_TASK ITEM_
Retype every line from the top of the entries down to the one with "擺管淋雨試驗箱為大型敞開式設", both included, and skip the pictures.

━━ DATA EXCERPTS

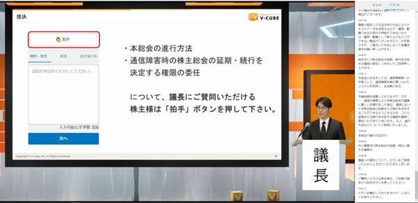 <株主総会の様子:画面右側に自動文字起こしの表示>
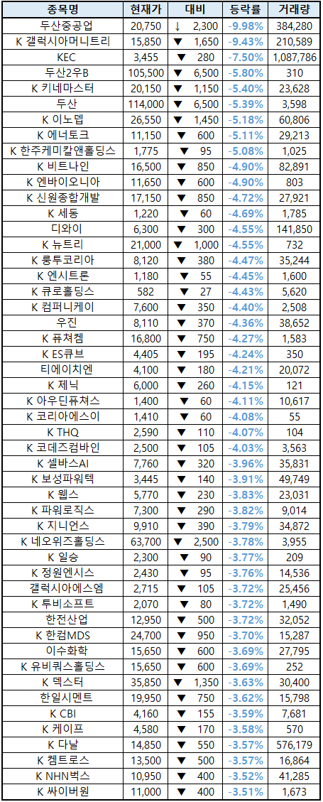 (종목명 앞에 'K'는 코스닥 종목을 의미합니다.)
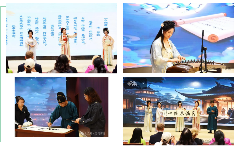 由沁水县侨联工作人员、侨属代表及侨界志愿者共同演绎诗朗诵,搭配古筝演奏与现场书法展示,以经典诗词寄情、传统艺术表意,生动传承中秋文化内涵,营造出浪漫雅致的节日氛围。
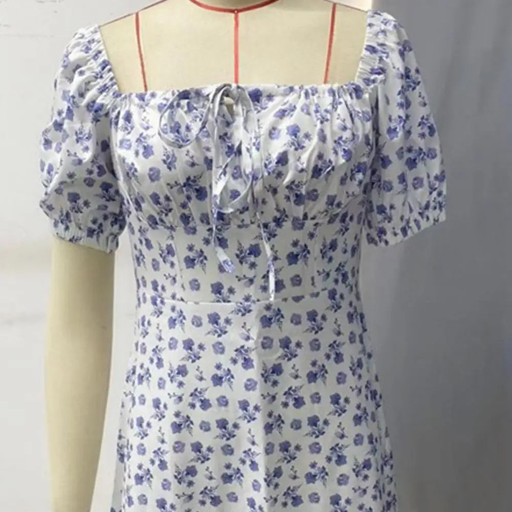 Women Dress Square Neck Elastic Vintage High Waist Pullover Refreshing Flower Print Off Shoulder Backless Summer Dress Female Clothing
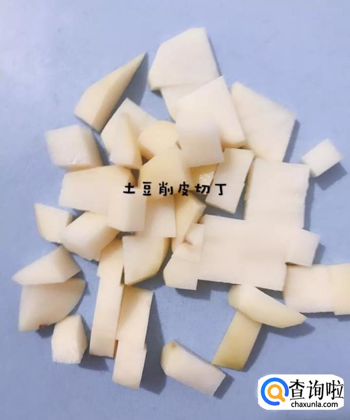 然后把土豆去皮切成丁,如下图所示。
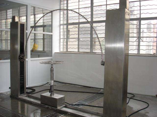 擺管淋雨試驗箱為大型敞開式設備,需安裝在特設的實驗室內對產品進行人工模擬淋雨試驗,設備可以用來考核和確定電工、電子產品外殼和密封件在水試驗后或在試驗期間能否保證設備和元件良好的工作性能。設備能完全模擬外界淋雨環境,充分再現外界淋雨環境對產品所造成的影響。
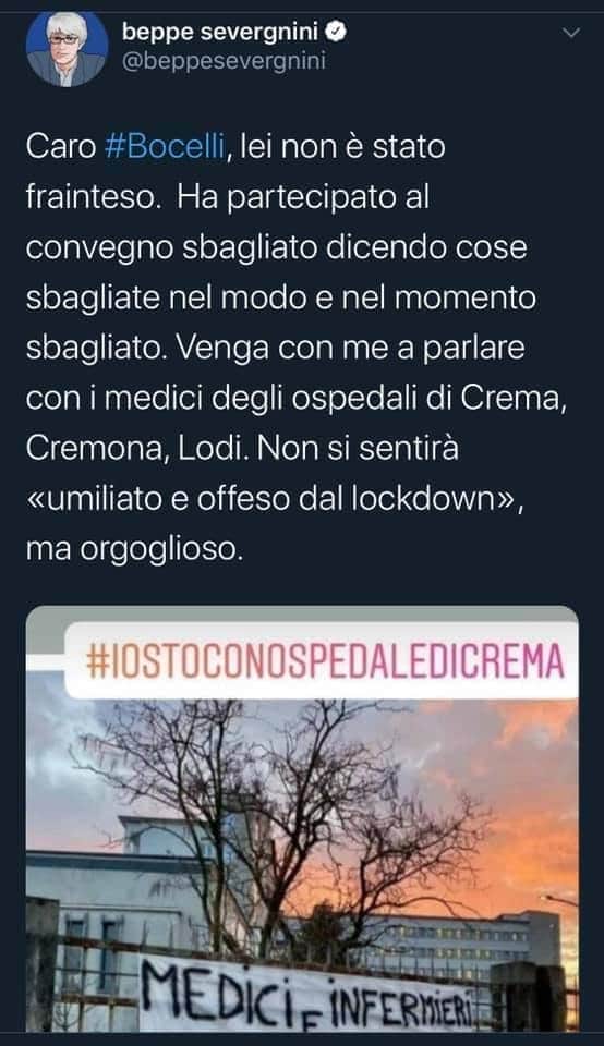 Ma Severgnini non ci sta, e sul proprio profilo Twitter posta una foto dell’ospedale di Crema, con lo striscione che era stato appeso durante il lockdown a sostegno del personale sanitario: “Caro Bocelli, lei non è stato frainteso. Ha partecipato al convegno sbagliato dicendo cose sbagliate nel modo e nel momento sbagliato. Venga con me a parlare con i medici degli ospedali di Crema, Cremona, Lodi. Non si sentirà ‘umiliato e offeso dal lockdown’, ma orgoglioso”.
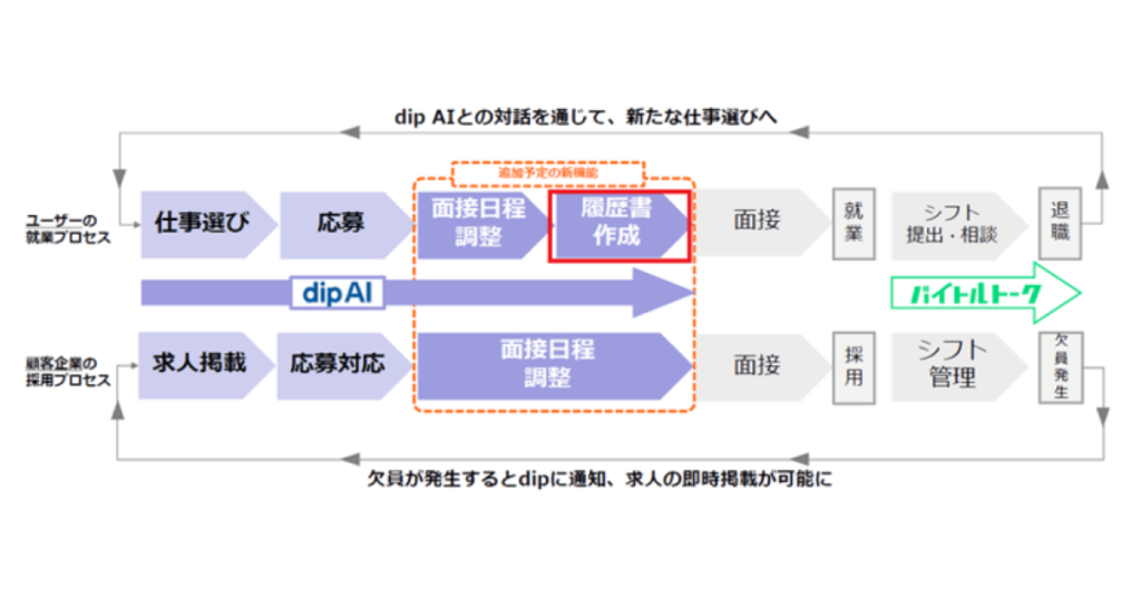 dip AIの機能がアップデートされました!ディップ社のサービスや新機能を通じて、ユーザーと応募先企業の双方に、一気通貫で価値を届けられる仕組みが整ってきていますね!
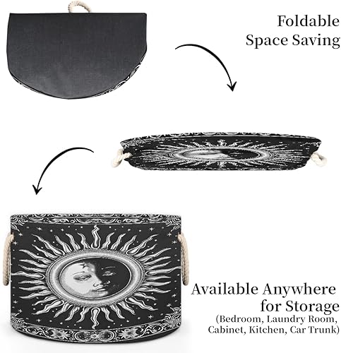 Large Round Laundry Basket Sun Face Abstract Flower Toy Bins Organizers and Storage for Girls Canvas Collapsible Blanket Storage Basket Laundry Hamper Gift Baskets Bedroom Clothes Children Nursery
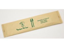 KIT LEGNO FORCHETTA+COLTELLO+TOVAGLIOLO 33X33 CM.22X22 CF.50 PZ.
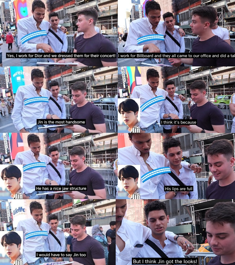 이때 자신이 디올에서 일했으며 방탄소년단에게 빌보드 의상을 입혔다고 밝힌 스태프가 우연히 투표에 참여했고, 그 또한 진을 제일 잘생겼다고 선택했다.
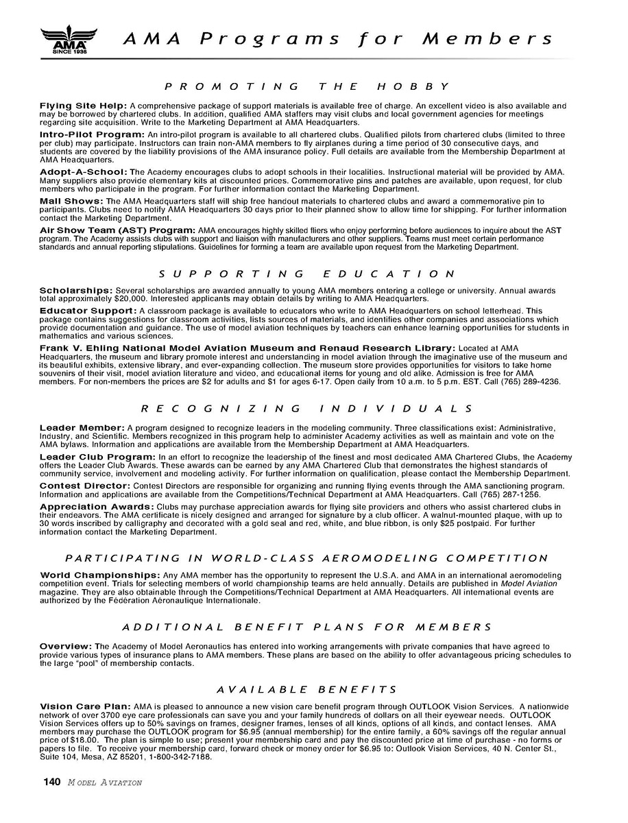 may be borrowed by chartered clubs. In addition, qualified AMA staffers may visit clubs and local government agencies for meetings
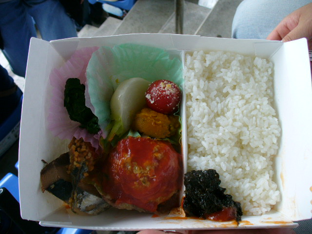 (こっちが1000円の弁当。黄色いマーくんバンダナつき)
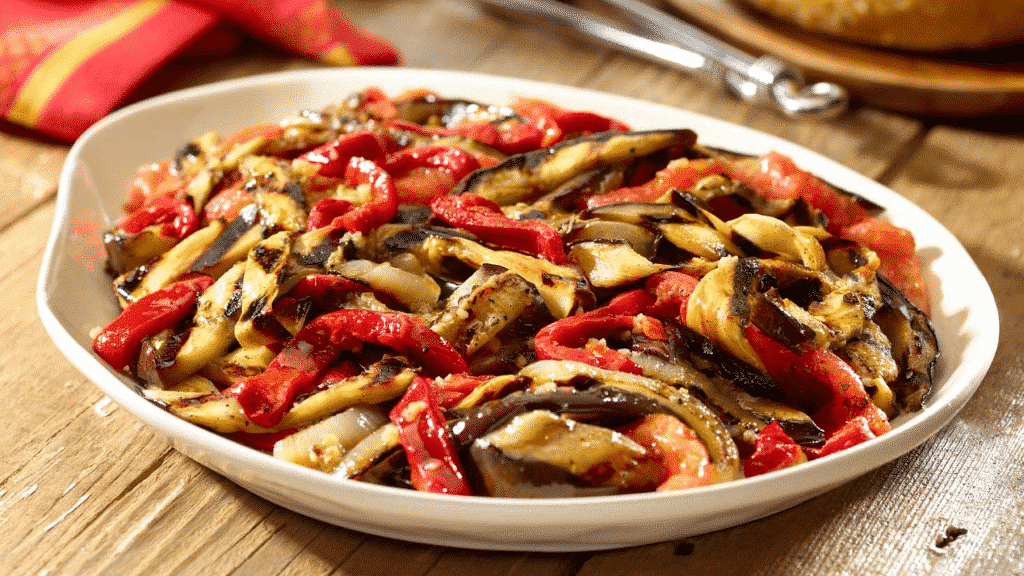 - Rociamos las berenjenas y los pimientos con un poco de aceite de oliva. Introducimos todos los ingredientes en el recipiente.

━━━━

_EXPECTED ANSWER_
 <株主総会の様子:画面右側に自動文字起こしの表示>
 (종목명 앞에 'K'는 코스닥 종목을 의미합니다.)
 由沁水县侨联工作人员、侨属代表及侨界志愿者共同演绎诗朗诵,搭配古筝演奏与现场书法展示,以经典诗词寄情、传统艺术表意,生动传承中秋文化内涵,营造出浪漫雅致的节日氛围。
 Women Dress Square Neck Elastic Vintage High Waist Pullover Refreshing Flower Print Off Shoulder Backless Summer Dress Female Clothing
 然后把土豆去皮切成丁,如下图所示。
 擺管淋雨試驗箱為大型敞開式設備,需安裝在特設的實驗室內對產品進行人工模擬淋雨試驗,設備可以用來考核和確定電工、電子產品外殼和密封件在水試驗后或在試驗期間能否保證設備和元件良好的工作性能。設備能完全模擬外界淋雨環境,充分再現外界淋雨環境對產品所造成的影響。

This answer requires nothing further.